The default claim of “no difference” or “no relationship” is known as this hypothesis.
What is the null hypothesis?
Compute the range of 18, 21, 25, 29, 40.
What is 22 (40 − 18)?
If T = 60, the equivalent z is this.
What is z = 1.0 (since 60 = 50 + 10z)?
The 2014 Standards for Educational and Psychological Testing emphasize this core principle for all examinees.
What is fairness/equity in testing?
This statistic estimates the average imprecision around one person’s observed score.
What is the Standard Error of Measurement (SEM)?
“Group A will score higher than Group B” is this kind of hypothesis and generally uses this tailing.
What is a directional hypothesis; what is a one-tailed test?
Order 3.0, 4.5, 2.0, 9.0, 6.0 and give the median.
What is 4.5 (2.0, 3.0, 4.5, 6.0, 9.0)?
Two data sets have SDs of 6 and 12, but different means (30 and 100). Which shows more relative variability? (Use CV = SD/Mean.)
What is the first (CV = 6/30 = .20) vs the second (12/100 = .12); the first is larger.
The main purpose of a test manual is to preserve this across administrations.
What is standardization (uniform administration and scoring)?
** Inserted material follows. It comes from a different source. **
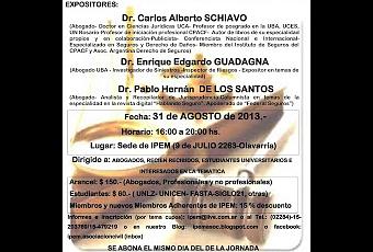 A PARTIR DE HOY, INICIAMOS LAS INSCRIPCIONES A LA JORNADA. Los interesados pueden inscribirse ( por cuestión de cupos limitados en virtud al espacio físico disponible) enviándonos sus datos (apellido, nombre completo, un correo electrónico e indicando si son profesionales- cual- o estudiantes universitarios- carrera y facultad) a nuestro correo electrónico ([email protected]) o a travès del formulario de mensajes que encontraràn en la pagina principal de este blog ( Formulario de mensajes) o bien llamando a los teléfonos publicados en el afiche o dejando mensajes privados por el imbox de facebook o Skype. El evento se abona el mismo día 31/08 un rato antes de su comienzo. SE ENTREGARAN CERTIFICADOS DE ASISTENCIA EL MISMO DIA. La comisión Directiva de IPEM, ha establecido a manera de beneficio para quienes han participado y finalizado, nuestros TALLERES PRÁCTICOS, un descuento del 10 % en la Jornada. CDIPEM

If SEM = 3 and a client’s observed score is 41, a simple 68% band is between these two numbers.
What are 38 and 44 (41 ± 3)?
A study that simply asks, “Are these groups different?” with no direction specified uses this tailing.
What is a two-tailed test?
The best spread statistic to report with the mean for bell-shaped data.
What is the standard deviation?
These tests (t, ANOVA, Pearson r) belong to this family that assumes normality and scale data.
What are parametric statistics?
A classroom essay graded with a rubric by different teachers is less this than a multiple-choice test unless rater training is strong.
What is less objective?
The most serious clinical consequence of poor reliability is that results might reflect this instead of true ability.
What is measurement error (or something other than true ability)?
Inference uses a sample to make statements about this.
What is the population?
This measure of center is most sensitive to extreme values.
What is the mean?
If z = −1.0, the raw score is one SD in this direction from the mean.
What is one standard deviation below the mean?